## [What the exercise asks]
Please print exactly the lines from the one containing "the children |" through the last line of the records, and only those. Leave out any pictures.

Recorded data:

......

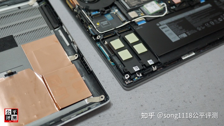 WWAN卡槽下方,是7560另外两个M.2SSD卡槽所在,出厂空置,但预留了散热片和硅脂垫。此两插槽PCIe传输模式只支持到3.0 。
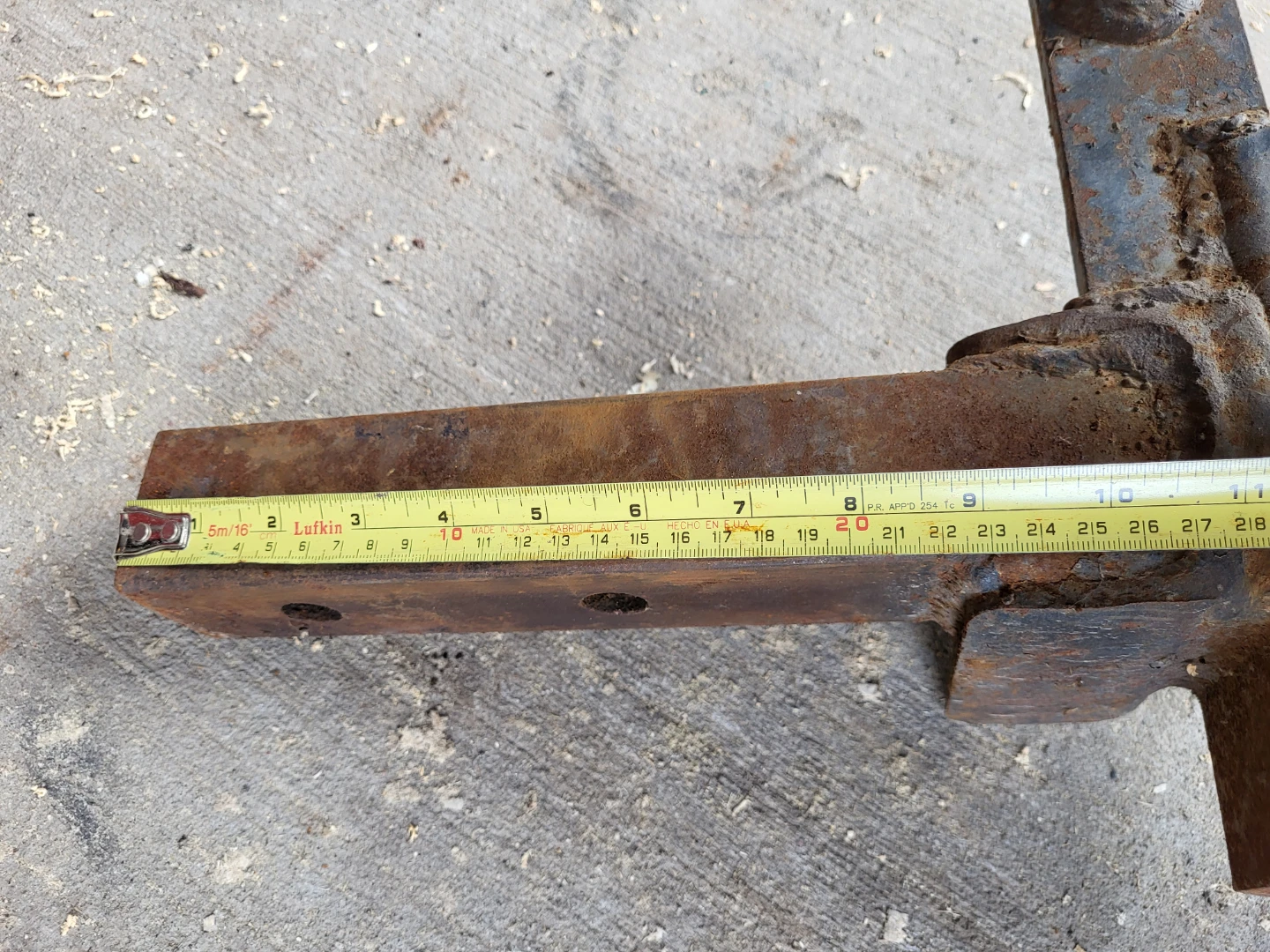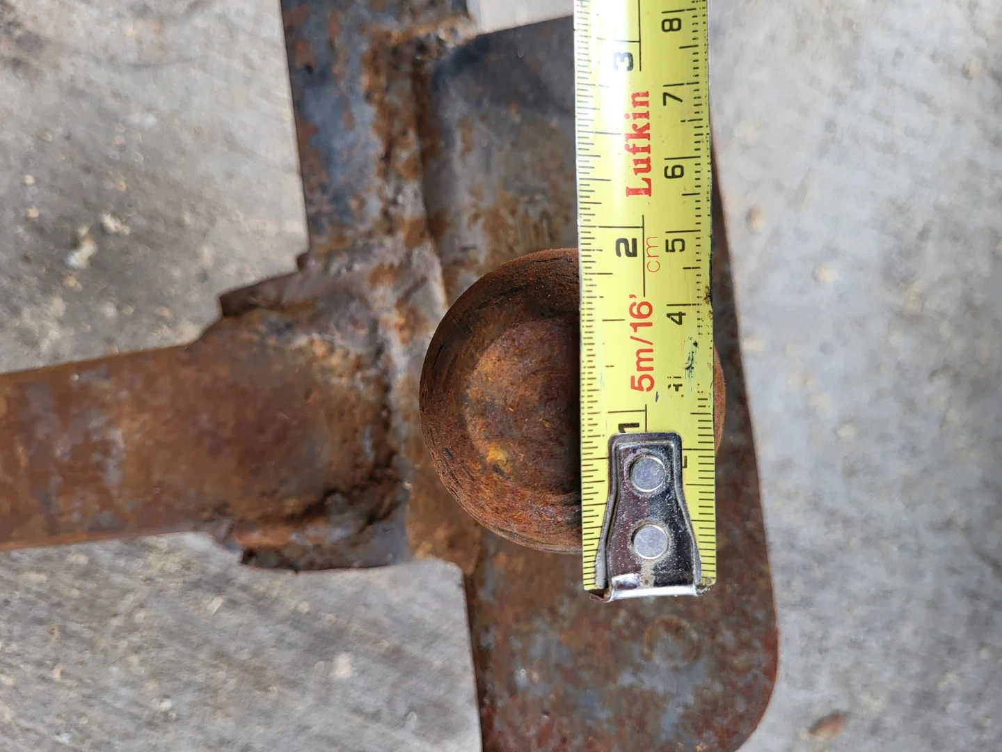This is a rusty hitch ball mount. It has a 2-inch receiver size and a 2-inch ball. (I believe.) The mount extends about 7.5 inches from the receiver opening.
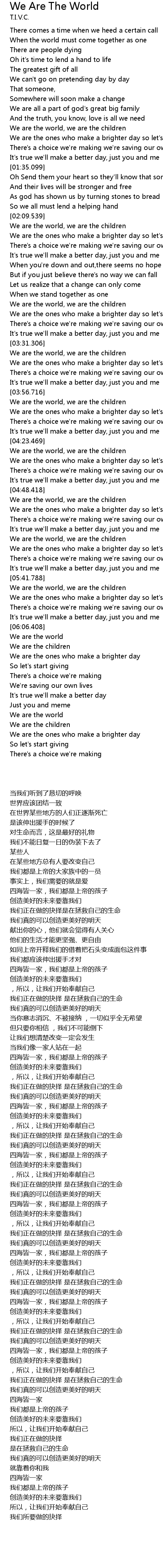 | [03:33.259] | We are the world, we are the children |
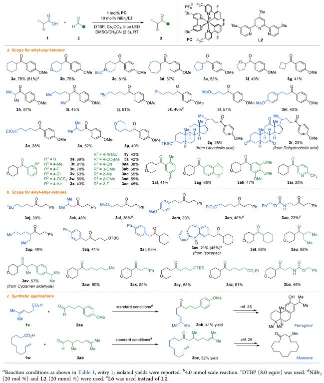 团队创造性地使用叔丁基过氧化物作为氧化剂和氢原子转移试剂,将烷基羧酸盐的单电子氧化脱羧和醛的氢原子转移有机结合起来,通过镍催化的自由基-自由基交叉偶联,首次实现烷基羧酸与醛的直接脱羧交叉酰基偶联反应。该反应具有广泛的底物普适性,三氟甲氧基、酮、醚、酯、酰胺、氰基等官能团均能较好地兼容。此外,复杂分子的后期官能团转化和关键中间体的合成,进一步说明了该反应潜在的实用价值。机理研究表明该反应同时存在烷基自由基和酰基自由基;通过密度泛函理论(DFT)计算进一步说明镍催化的自由基-自由基交叉偶联优先发生Ni(I)物种对酰基自由基的单电子氧化加成。
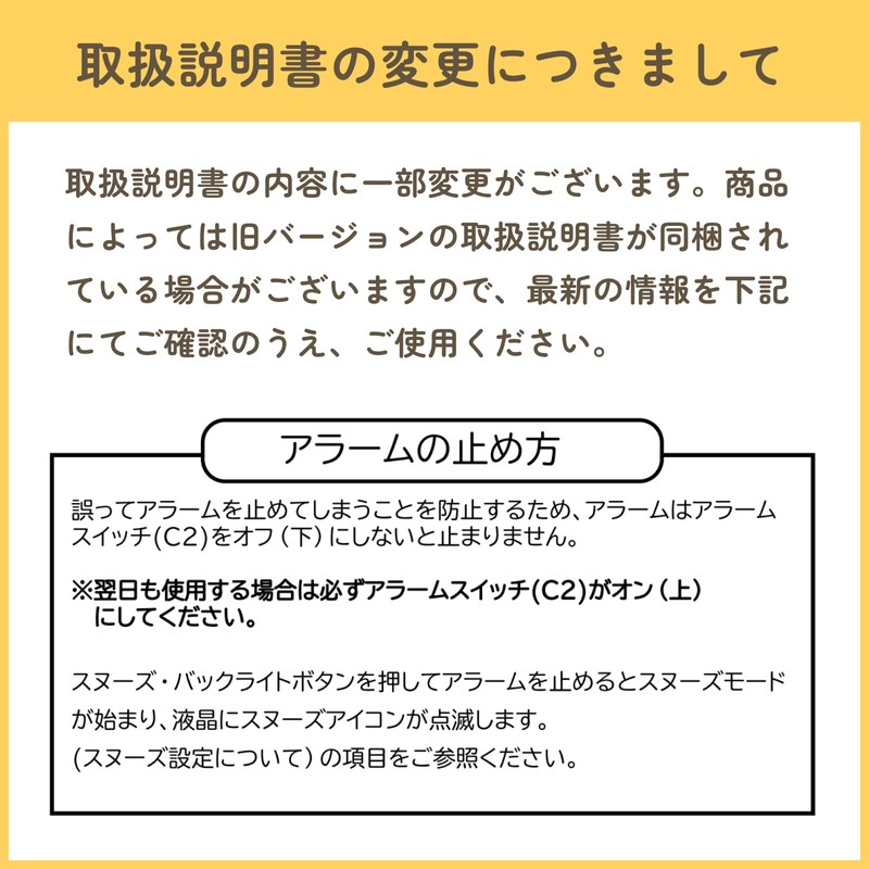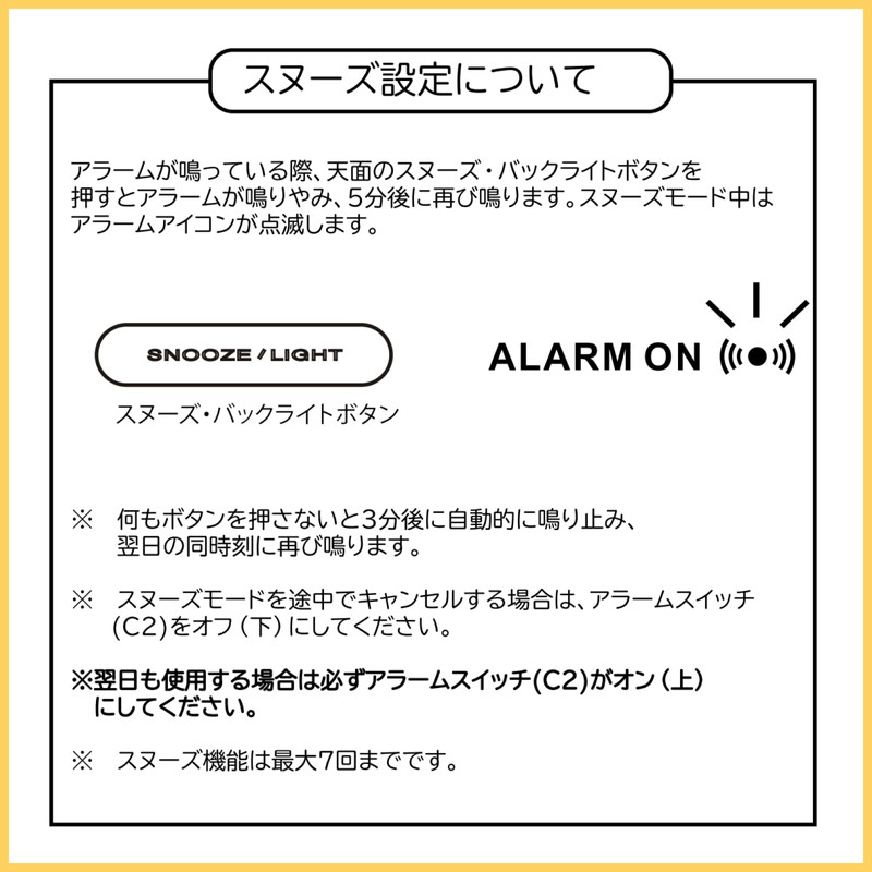 • [Features] The backlight LCD screen allows you to check the time even at night. It also has a snooze function to prevent you from sleeping twice Alarm sound can be switched between 3 modes: alarm, vibrator, alarm + vibrate

......

## [Your response]
 | [03:33.259] | We are the world, we are the children |
 团队创造性地使用叔丁基过氧化物作为氧化剂和氢原子转移试剂,将烷基羧酸盐的单电子氧化脱羧和醛的氢原子转移有机结合起来,通过镍催化的自由基-自由基交叉偶联,首次实现烷基羧酸与醛的直接脱羧交叉酰基偶联反应。该反应具有广泛的底物普适性,三氟甲氧基、酮、醚、酯、酰胺、氰基等官能团均能较好地兼容。此外,复杂分子的后期官能团转化和关键中间体的合成,进一步说明了该反应潜在的实用价值。机理研究表明该反应同时存在烷基自由基和酰基自由基;通过密度泛函理论(DFT)计算进一步说明镍催化的自由基-自由基交叉偶联优先发生Ni(I)物种对酰基自由基的单电子氧化加成。
 • [Features] The backlight LCD screen allows you to check the time even at night. It also has a snooze function to prevent you from sleeping twice Alarm sound can be switched between 3 modes: alarm, vibrator, alarm + vibrate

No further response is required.